[Beignet] [PATCH V2] GBE: Optimize the bool register allocation/processing.
Zhigang Gong
zhigang.gong at linux.intel.com
Mon Mar 31 19:59:38 PDT 2014
Some example of the instruction count change after this patch:
We use the luxmark's median sala scene as the example.
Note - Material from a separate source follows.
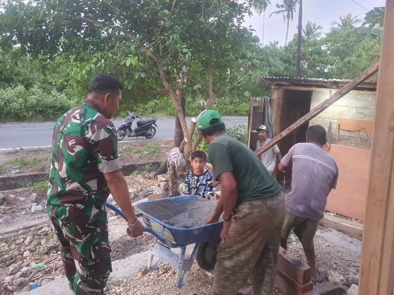 Halmahera Tengah-Babinsa Desa Bobane Indah Serda Kamarudin Malik melaksanakan Giat Karbak bersama Masyrakat membantu membuat Rumah milik Bapak Irfan,di Desa Bobane indah,Kecamatan Patani Barat,Kabupaten Halmahera Tengah.Selasa, (04/11/2025)

And without
setting any environment variable:
The result is as below:
(insnCnt*2) master ifendif boolopt to master to ifendif
Intersect0 1848 1754 1524 -18% -13%
Intersect1 4026 3720 3336 -17% -10%
Init 9504 9396 8678 -9% -7%
Advance 126264 127940 118008 -6% -8%
Sampler 10560 10426 9672 -8% -7%
InitFrame 86 94 90 +0.5% -5%
You can see that almost all kernels get obvious instruction reduction.
On Tue, Apr 01, 2014 at 10:10:19AM +0800, Zhigang Gong wrote:
> From: Zhigang Gong <zhigang.gong at gmail.com>
>
> Previously, we have a global flag allocation implemntation.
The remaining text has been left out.